I will be in Panama City (the Floridian one, not the Panamanian one, but you better believe I’ll be singing “Panama” the whole time either way) all next week for work, sort of last minute. I should be able to update this site regularly with no interruptions but I just wanted to let you know ahead of time in case something comes up.

Chris Piers sent me his comic for the upcoming Spark and it’s fucking hysterical but the last panel had this shady character that made me think next month’s Munday would be a “very special” one. I mean, look at that guy. Look at that evil eye. He’s totally going to rape you.

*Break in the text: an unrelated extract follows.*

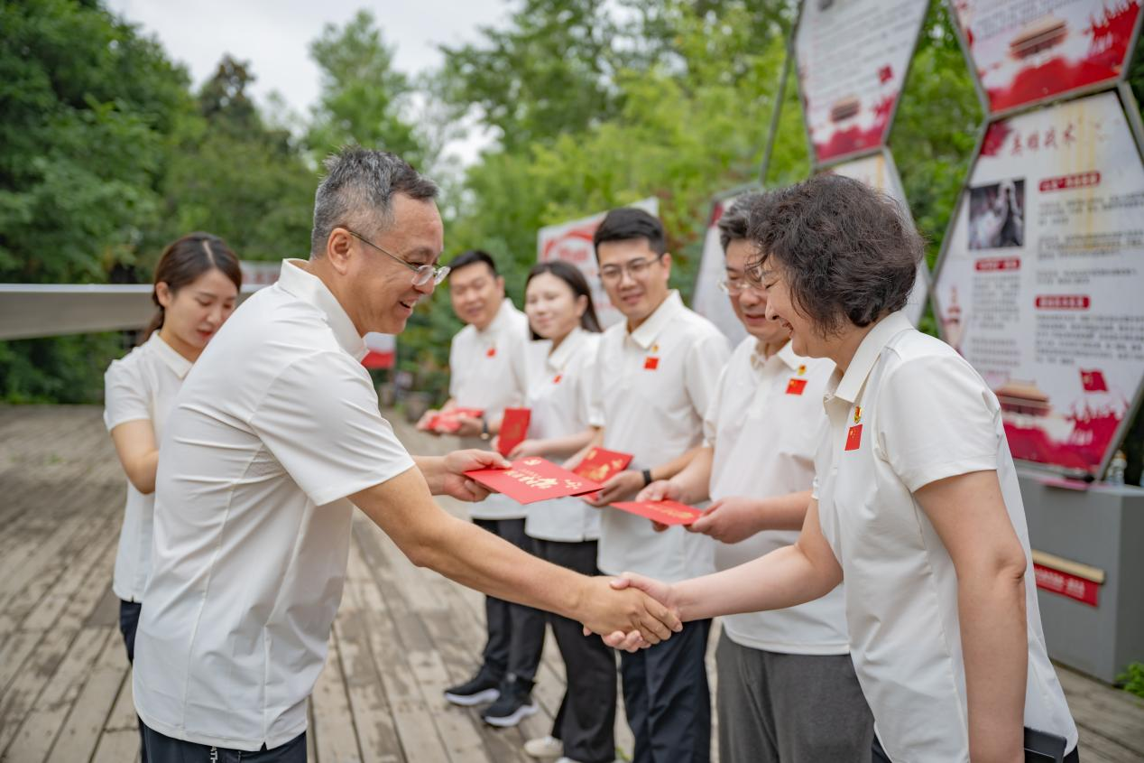 蓮花島紅色教育基地,黨旗鮮紅,誓言鏗鏘!拔抑驹讣尤胫袊伯a(chǎn)黨……隨時準備為黨和人民犧牲一切,永不叛黨!贝┰綍r空的誓言,在現(xiàn)場久久回響,讓長春資本集團機關(guān)支部的每一位黨員都感受到入黨之初的澎湃激情與使命初心;顒蝇F(xiàn)場,集團黨委書記、董事長徐國斌為過“政治生日”的黨員逐個送上“政治生日賀卡”。喜慶的賀卡上不僅印有入黨誓詞和生日寄語,更承載著黨組織的深切關(guān)懷和殷切期望,提醒大家時刻不忘黨員身份,永葆先進本色。

Jorge and I are going to cowrite an OGN based on yesterday's story. I think it's going to rock. We still need to work out the details. So, beyond that, I'm still working on the novel, cowriting two projects with Josh, still have the baseball book sitting around waiting for the right artist to show up, still mulling over this African ninja book, sitting on Release and Esau until I feel like picking them up again, looking into the logistics and doing the research for a Fredric Wertham biographical comic (what better way to honor the man than using the medium he tried to destroy?), writing an 8-pager for the Shear Terror Anthology, putting together cartoon pages for the Spark, writing my Here's the Thing... column, pumping out these stories daily and editing three projects. And the kicker? I still haven't really "dropped shit" yet. I need to learn to focus.

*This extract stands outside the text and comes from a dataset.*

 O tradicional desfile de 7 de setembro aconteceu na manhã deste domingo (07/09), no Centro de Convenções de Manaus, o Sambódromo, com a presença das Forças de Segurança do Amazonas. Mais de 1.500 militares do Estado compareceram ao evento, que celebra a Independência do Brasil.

I found the tool Jim Davis’ “team” uses to create Garfield strips. I pumped out a hundred in five minutes, all variations of an “I hate Monday” joke.

________________

Sometimes childhood innocence can lead to destruction with said destruction leading to the destruction of childhood innocence. It’s the “cycle of destruction” as I’m sure some psychologist might have called it in the off-chance the phenomenon actually exists beyond my attempt to have a poetic introduction.

I’m going to drop a bombshell now. For 99% of you, this may not feel like a bombshell, but for those of you, like me, that were born and raised in a poor neighborhood in Brooklyn this is going to blow your fucking mind.

My friend had a pool.

She got it when we were in the fifth grade and what a nice pool it was. It was above ground but it had a deck, diving board and water slide. It was larger than most above ground pools, more of an oval than a circle, with this thick cord stretched above the middle of the pool to keep its irregular shape together.

Having a pool in my neighborhood made you King Cool. Nothing was cooler. The only pool we had to swim in was the Red Hook Pool where you had to avoid diapers and hair-extensions that floated by you while you swam, occasionally getting aggressively dunked by a complete stranger just because you weren’t looking. The main pool was such a warzone at times that most of us dorkier folk just opted to cool off in the kiddie pool.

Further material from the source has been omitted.